Beginning in the early to mid 1980s, one of my friends lived in the eastern U.P. and I had some opportunities to hunt STG on hay and small grain private farms, primarily in Chippewa County south of Sault Ste. Marie. The habitat type tended to be relatively large hay fields consisting of clover and birdsfoot trefoil. The clay soil delayed hay cutting until perhaps mid-July or later. Often there was just one cutting, and never more than two per year. With some brush and/or abandoned farms nearby, the habitat was suitable habitat for STG. Additionally, and unlike the public land areas further to the west that required active management efforts, the hay fields were kept open by private ownership with a business interest. On these areas, an experienced hunter could expect to average 5 or 6 bird sightings per hour, maybe more, but unfortunately the birds consistently flushed at a distance well outside the effective range of a shotgun and were apt to fly long distances. Consequently, opportunities to re-flush the birds were not very frequent. It might take six hours on the average for an opportunity to harvest a bird. In the eastern U.P., my flush rate per hour has not changed much from the 1980s. If anything, my flush rate is higher now than it was in the 1980s, but this may be due to more experience and knowing where to find birds on my part as opposed to significant habitat changes.

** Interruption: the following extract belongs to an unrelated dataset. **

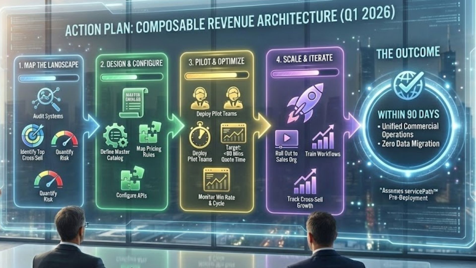 Companies that win in 2026 will embrace Composable Revenue Architecture. Moreover, they will activate cross-sell within 90 days,* govern AI pricing centrally, and collapse 18-month integration cycles to manageable phases.

Unlike pheasants that are often found in higher and reasonably dense grass cover, STG prefer short grass of mixed height and density, usually between the top of a hunter’s ankle and the bottom of the hunter’s knee. As a result, with or without dogs, the birds are difficult to approach. For that reason, I hunt with a well-weathered 1967 Browning Over and Under 12 gauge shotgun chambered for 3 inch shells and choked Full and Full. It is kind of a sorry looking gun with a beat-up slip-on recoil pad that extends the length of the pull 3/4ths of an inch and is held together with “gorilla tape,” but it has never failed to fire and has assisted in the harvest of a lot of upland game birds. I use turkey loads with 1 and 7/8ths or 2 ounces of #5 or #6 size lead shot because it takes a lot of energy to knock down a STG, and more pellets just increase the chances of success at the maximum ranges where harvest can be reasonably anticipated by an accurate firing.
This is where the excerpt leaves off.